The data:
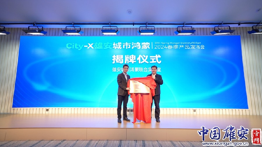雄安国创中心科技有限公司董事长房保国、河北雄安城市鸿蒙科技有限公司总经理王海生共同为雄安城市鸿蒙创新实验室揭牌。杨程 摄
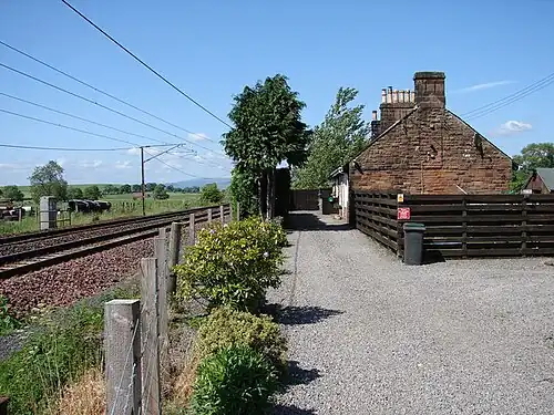 Trains pass at speed on the electrified West Coast Main Line. The stationmaster's house is now a private dwelling and the platforms have been demolished; the station cottages also survive as private dwellings. A signal box controlled the level crossing on the minor road which has now been closed and an overbridge built nearby.
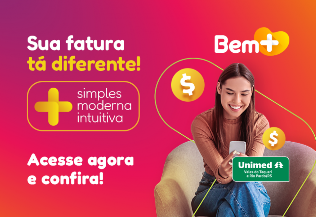 A sua fatura está disponível também no Bem+ Unimed. No Bem+ você pode consultar senhas, resultados de exames, receitas e atestados e gerar o cartão virtual do plano.

Exercise goal:
Starting at the line that contains "Trains pass at" and ending at the final line of the data, reproduce each line exactly. Pictures stay out of the copy.

Answer for the task:
 Trains pass at speed on the electrified West Coast Main Line. The stationmaster's house is now a private dwelling and the platforms have been demolished; the station cottages also survive as private dwellings. A signal box controlled the level crossing on the minor road which has now been closed and an overbridge built nearby.
 A sua fatura está disponível também no Bem+ Unimed. No Bem+ você pode consultar senhas, resultados de exames, receitas e atestados e gerar o cartão virtual do plano.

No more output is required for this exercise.